Records contained in a dataset
+-------+

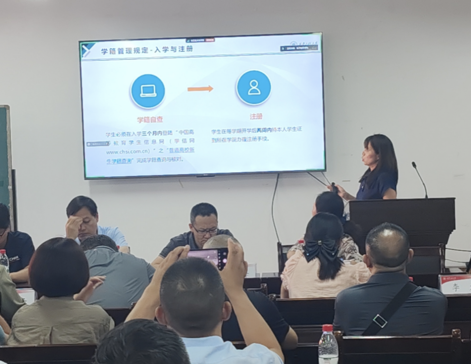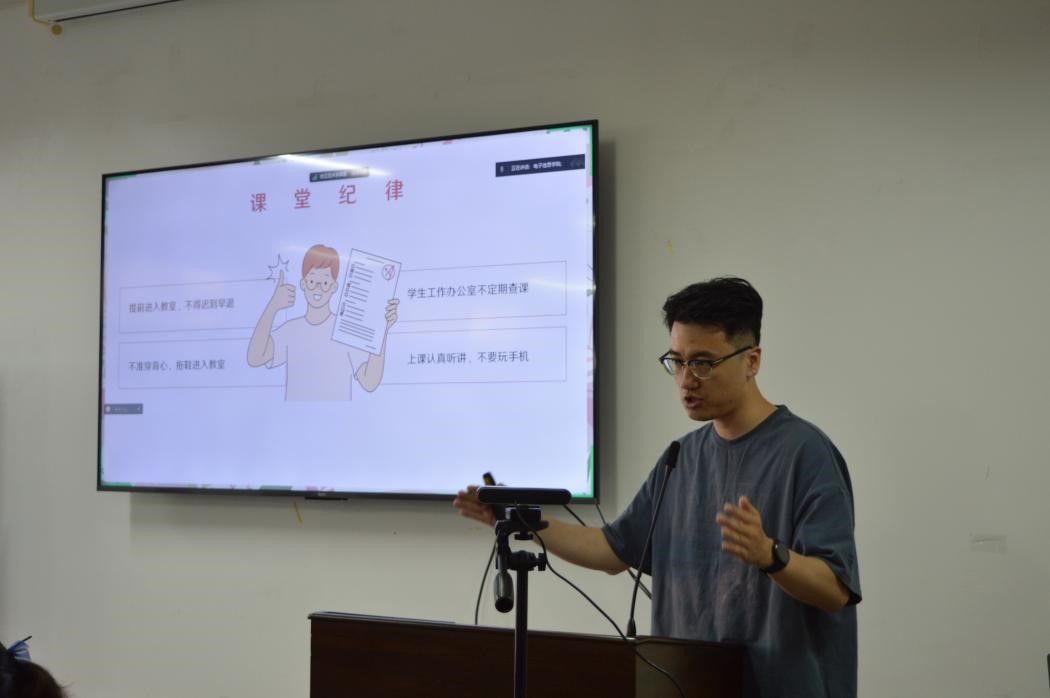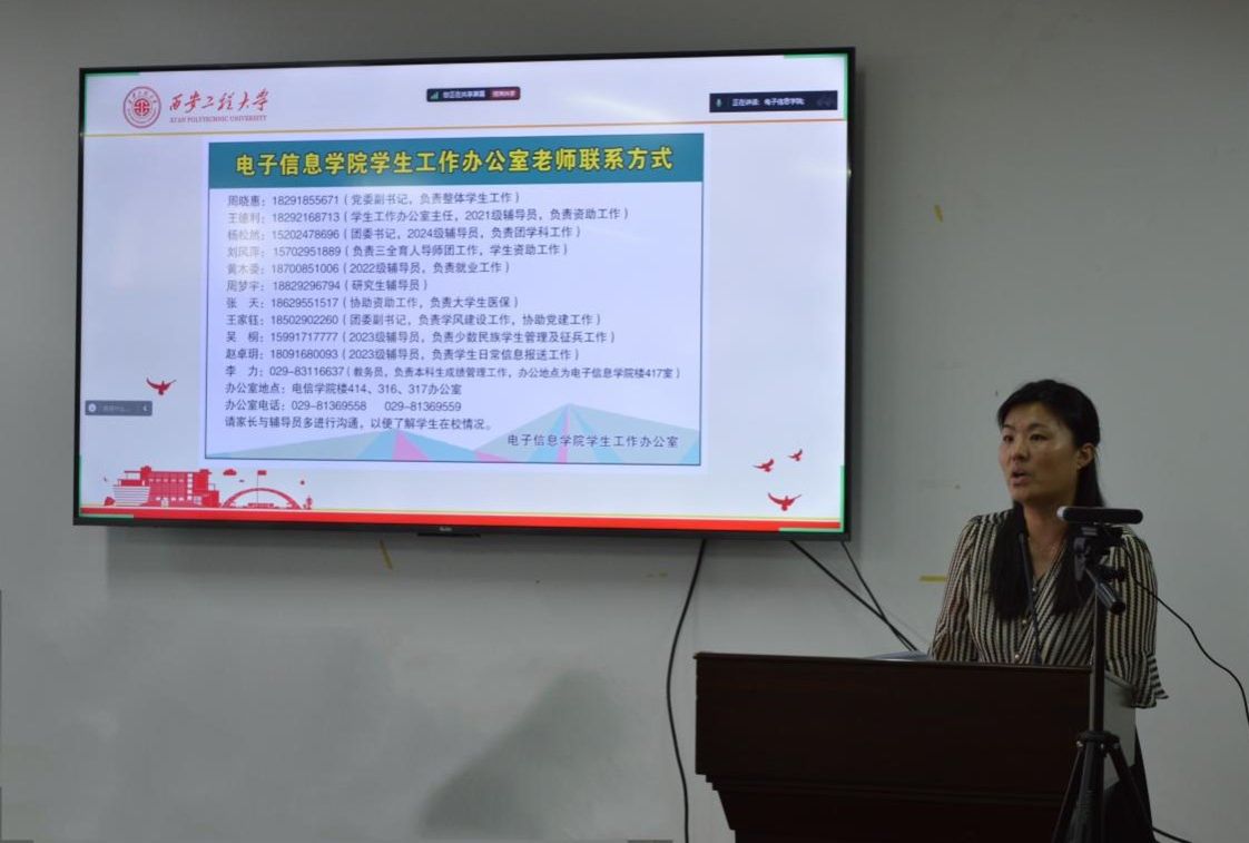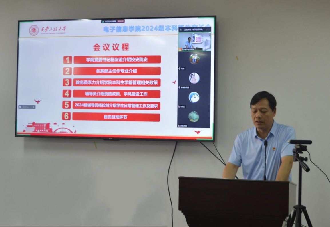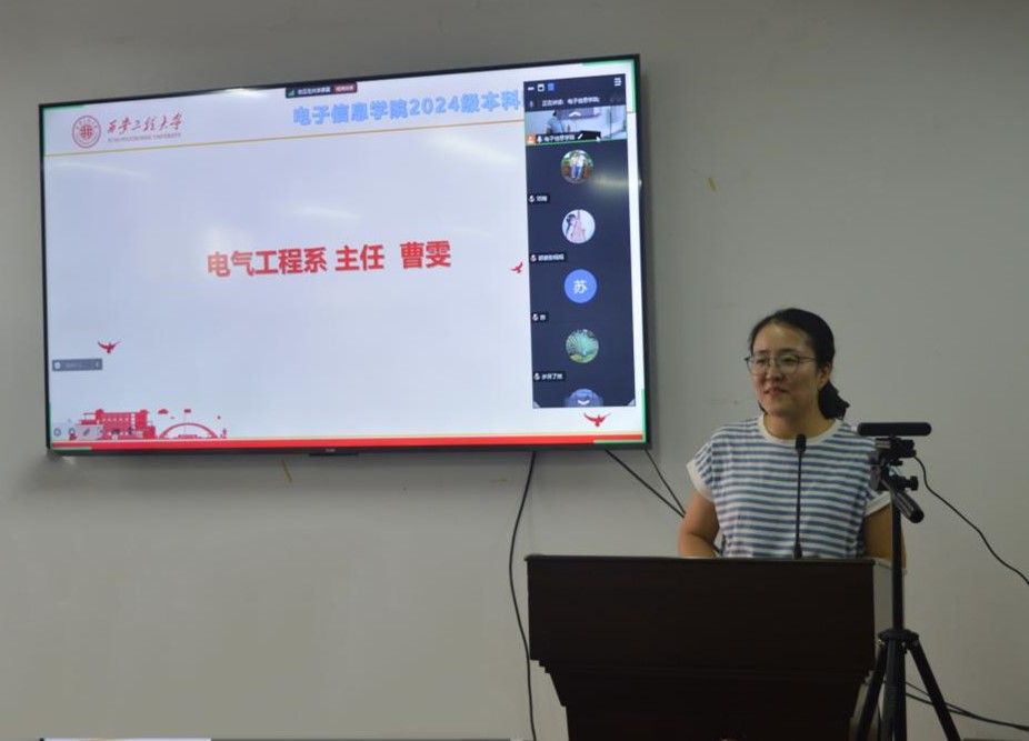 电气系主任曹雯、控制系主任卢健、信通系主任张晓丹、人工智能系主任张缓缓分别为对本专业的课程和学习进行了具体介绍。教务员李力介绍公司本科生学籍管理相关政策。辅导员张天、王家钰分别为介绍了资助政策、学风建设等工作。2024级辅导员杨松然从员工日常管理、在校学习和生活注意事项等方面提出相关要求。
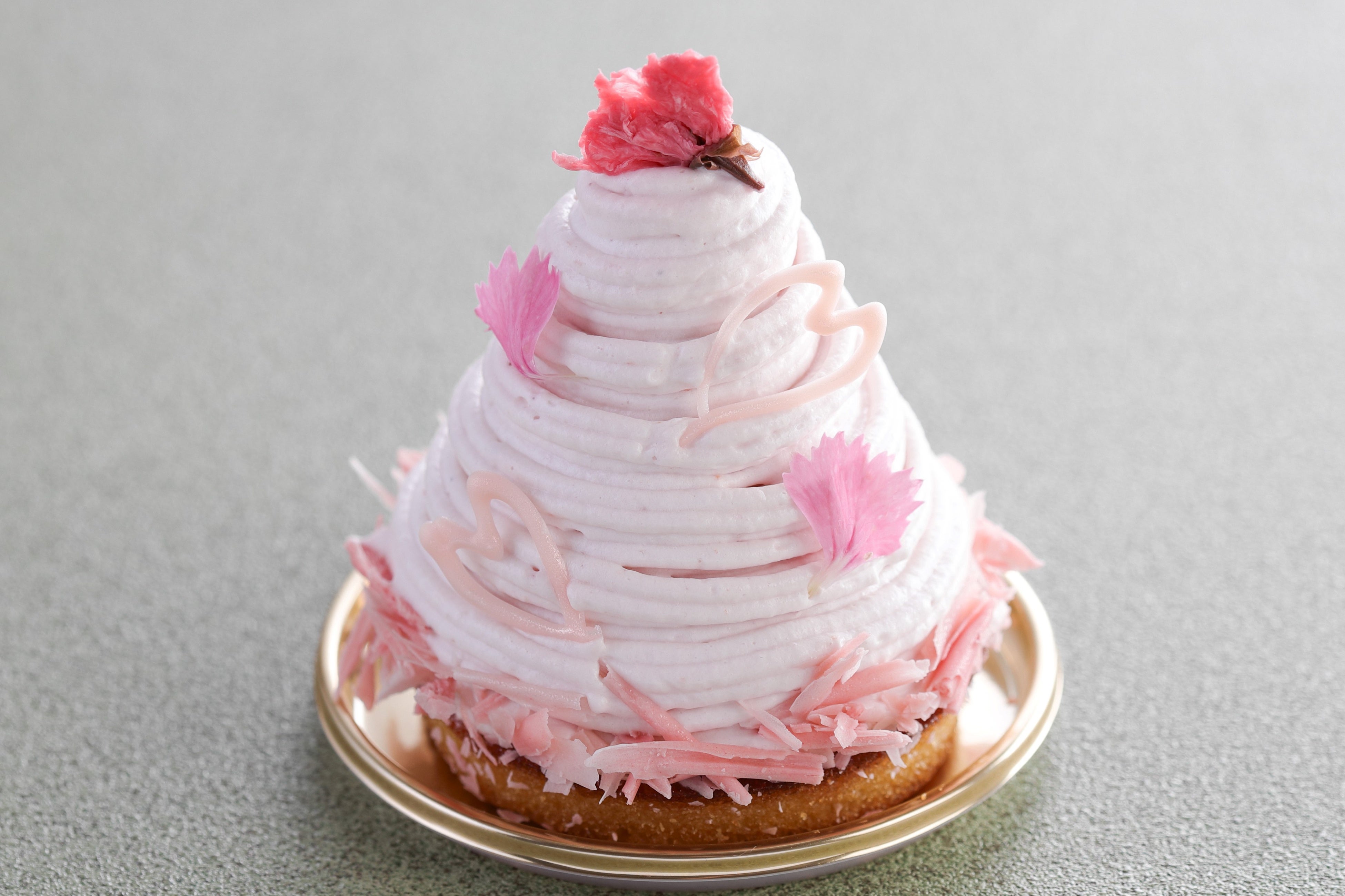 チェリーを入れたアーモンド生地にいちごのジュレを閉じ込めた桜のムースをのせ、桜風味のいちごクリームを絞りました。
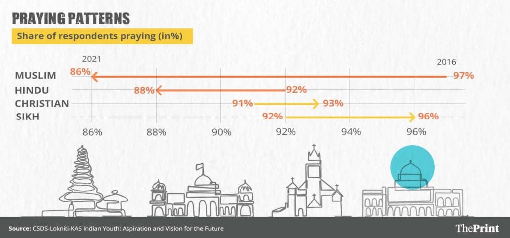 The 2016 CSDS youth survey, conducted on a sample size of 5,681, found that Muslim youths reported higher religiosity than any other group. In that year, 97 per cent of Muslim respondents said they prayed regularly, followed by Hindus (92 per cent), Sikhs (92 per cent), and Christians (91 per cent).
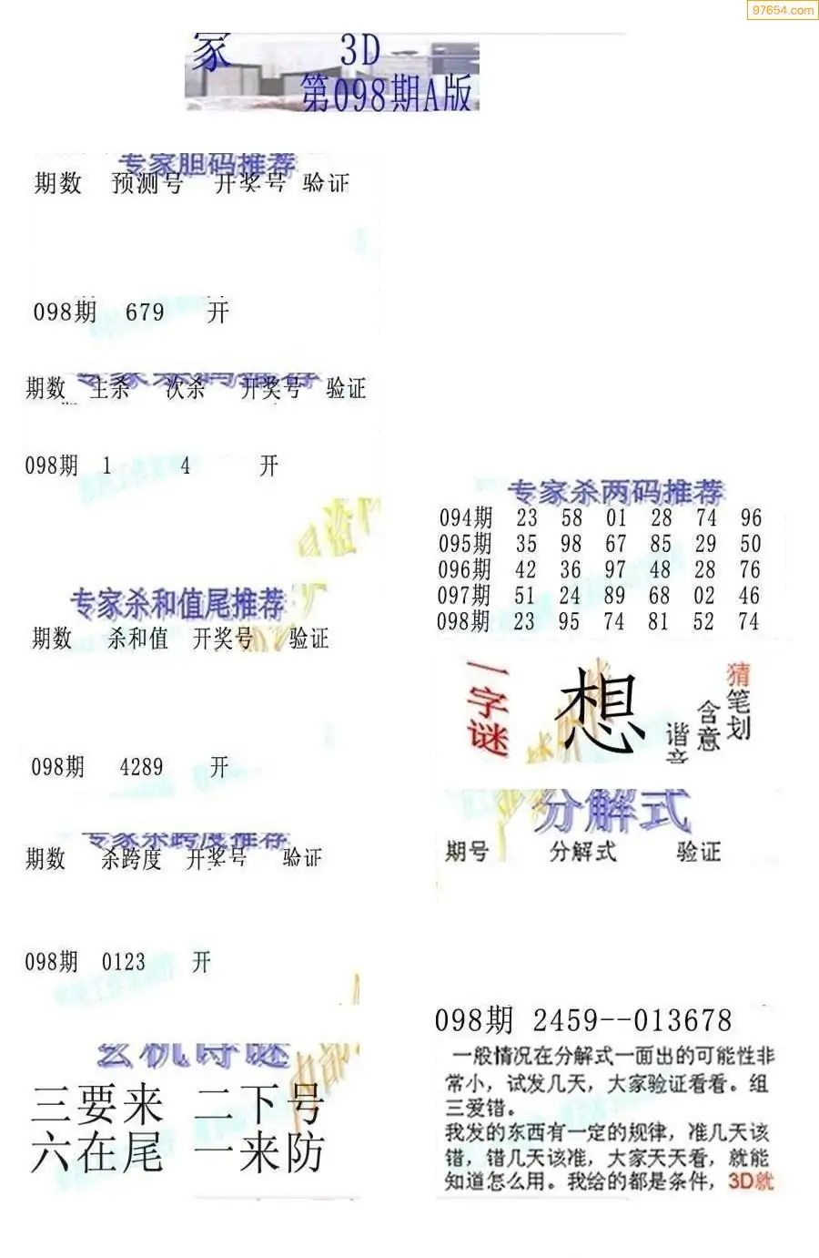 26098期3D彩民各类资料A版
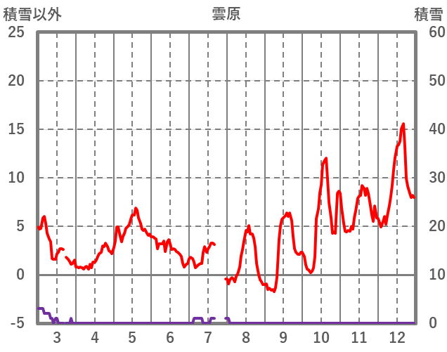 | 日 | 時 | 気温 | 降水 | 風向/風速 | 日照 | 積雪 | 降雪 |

+-------+

● **Exercise objective**
Start with the first line of the records above and end with the line containing "26098期3D彩民各类资料A版". Output those lines exactly, pictures excluded.

● **Expected answer**
 电气系主任曹雯、控制系主任卢健、信通系主任张晓丹、人工智能系主任张缓缓分别为对本专业的课程和学习进行了具体介绍。教务员李力介绍公司本科生学籍管理相关政策。辅导员张天、王家钰分别为介绍了资助政策、学风建设等工作。2024级辅导员杨松然从员工日常管理、在校学习和生活注意事项等方面提出相关要求。
 チェリーを入れたアーモンド生地にいちごのジュレを閉じ込めた桜のムースをのせ、桜風味のいちごクリームを絞りました。
 The 2016 CSDS youth survey, conducted on a sample size of 5,681, found that Muslim youths reported higher religiosity than any other group. In that year, 97 per cent of Muslim respondents said they prayed regularly, followed by Hindus (92 per cent), Sikhs (92 per cent), and Christians (91 per cent).
 26098期3D彩民各类资料A版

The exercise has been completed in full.